Which, alongside product fit and audience, is incredibly important.
Creative Quality
A brand can have the deepest pockets, but if the creative is poor, results will suffer.
Conversely, a smaller advertiser that invests time in testing, iteration, and fresh ideas can achieve strong performance with a fraction of the spend.
It doesn’t have to be a never ending drawn out testing plan too, start with key elements and ensure you have reporting set up to help determine success, and if you need external assistance, there’s a wealth of paid social agencies who can help facilitate the process.
Creative is a critical factor in driving ad performance, alongside audience and placement, because it directly influences engagement and conversion likelihood.
The auction model rewards engaging creative.
Strong ads earn higher relevancy scores and better estimated action rates, which in turn lower CPMs and CPCs.
This means a brand producing standout creative can reach more of its audience for less.
A £500 per day campaign with high-quality, thumb-stopping creative could drive a stronger return than a £5,000 per day spend behind uninspiring assets, and speaking from experience, it can happen.
The budget amplifies distribution, but it is creative quality that determines whether that distribution generates results.
The Bottom Line
Meta’s ad platform is built for everyone, from global brands to local businesses, because success isn’t defined by how much you spend, but by how smartly you spend it..

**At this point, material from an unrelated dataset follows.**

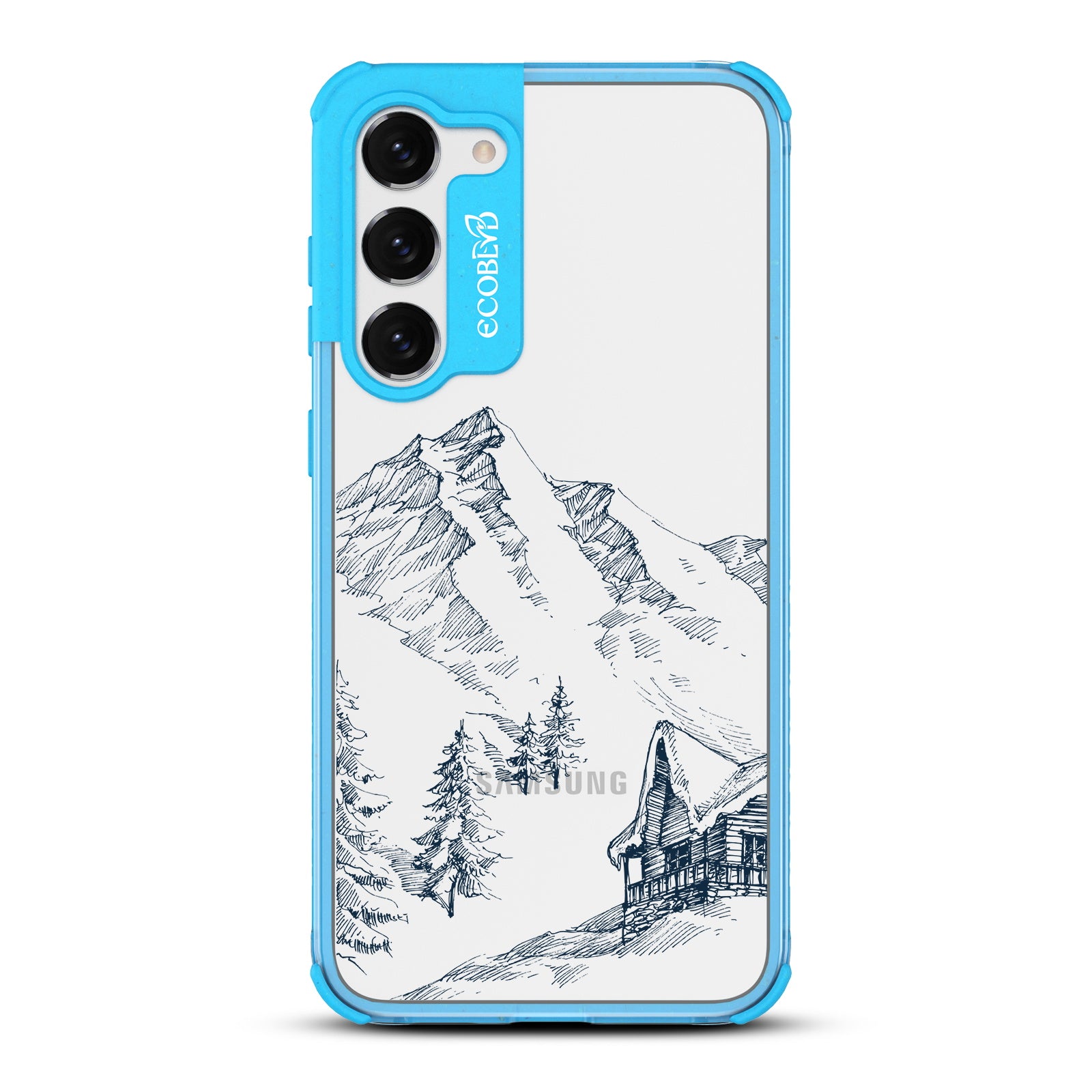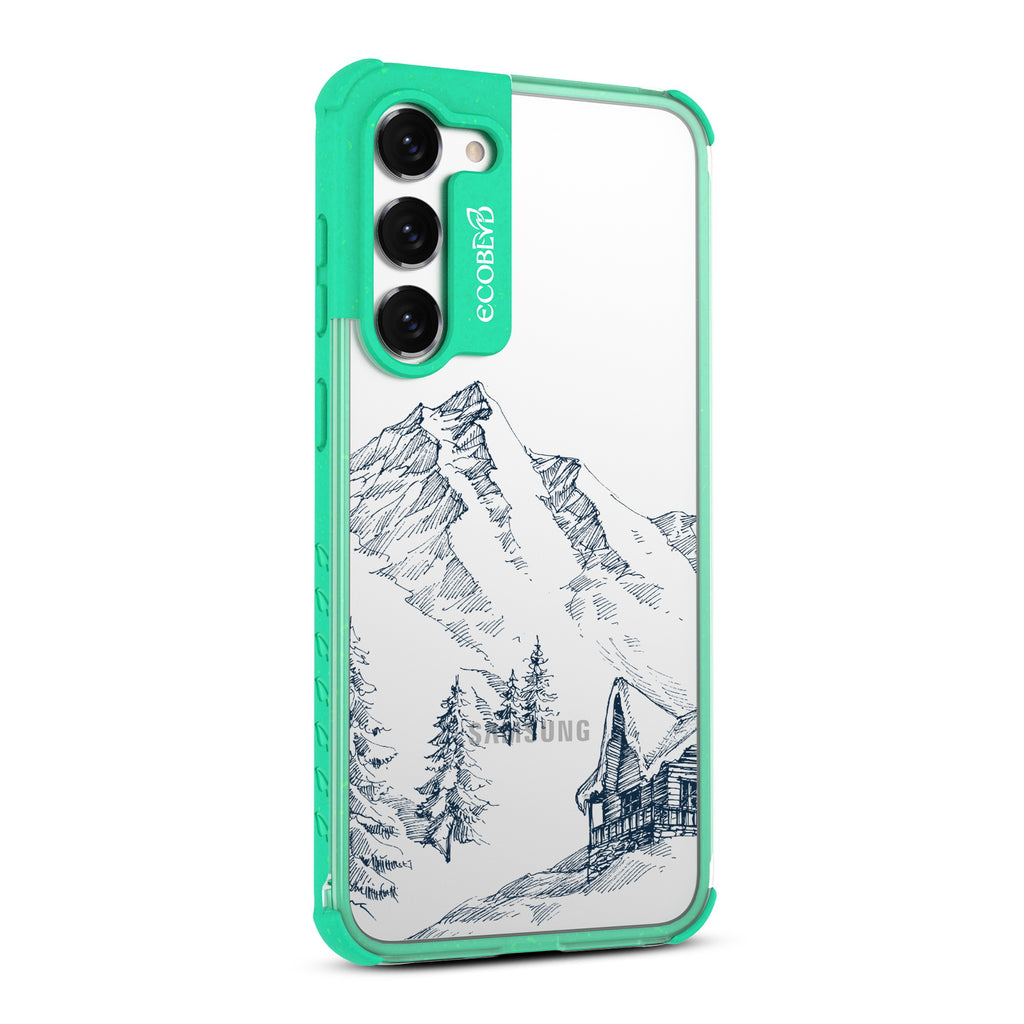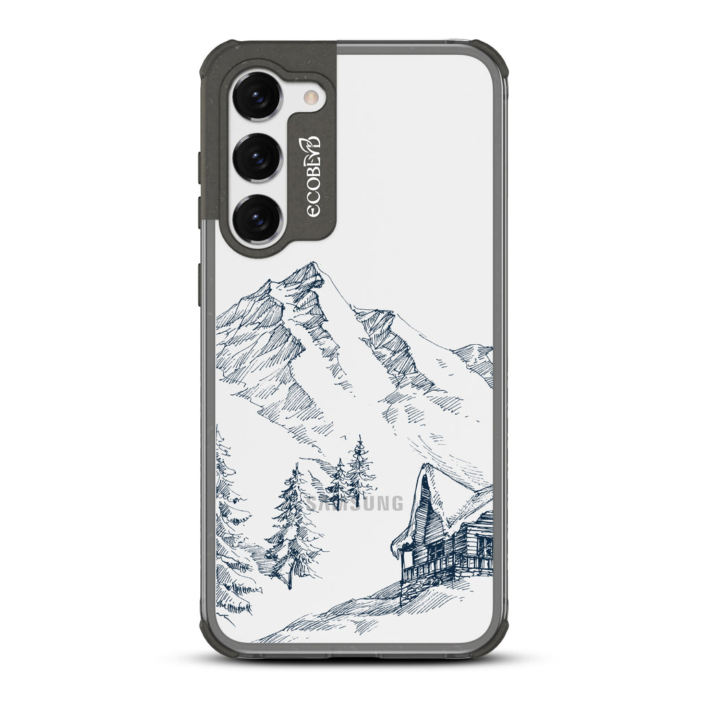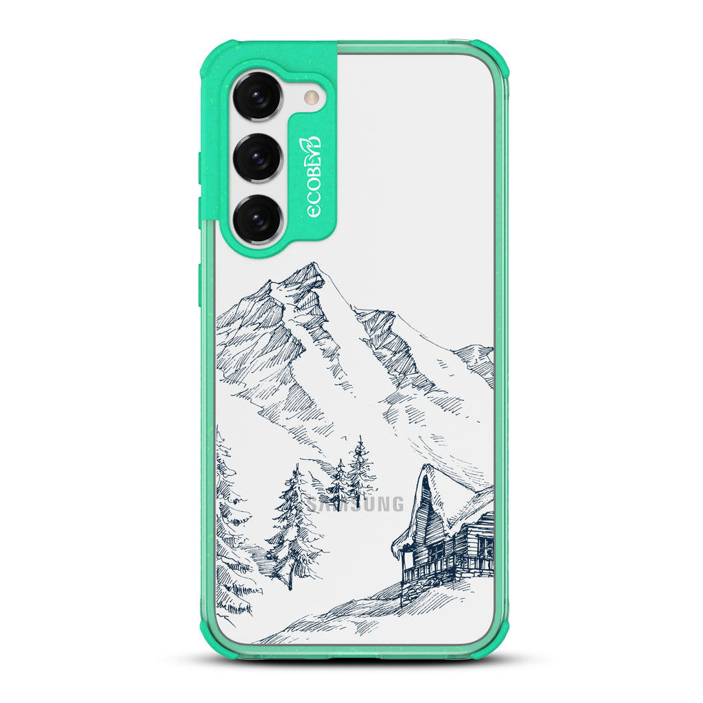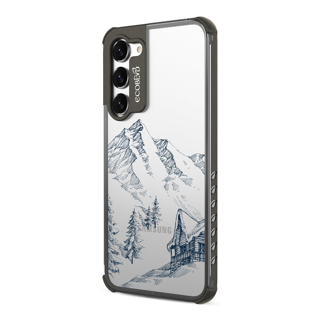 Enjoy an off-grid mountainside getaway right from your phone with the Cabin Retreat winter design on our Laguna clear compostable Galaxy S23 Plus case, as the hillside and snow-capped view provide an escape in five serene colors: Midnight Black, Cascade Blue, Foliage Green, Illuminating Yellow, and Wildflower Pink.

Consider the data: 40 percent of businesses say that Facebook is their most profitable advertising channel, 28 percent of marketers rank Facebook as the top platform for ROI, and over 200 million businesses use Meta’s apps each month, most of them small businesses.
These figures confirm that high performance on Meta is not exclusive to large advertisers with big budgets.
The three areas to focus on (whatever the budget) are:
- Product Fit & Audience Match
- Creative Quality
- Contextual Relevance
It’s not about having a huge budget, it’s about using what you have, where you are, with clarity and precision.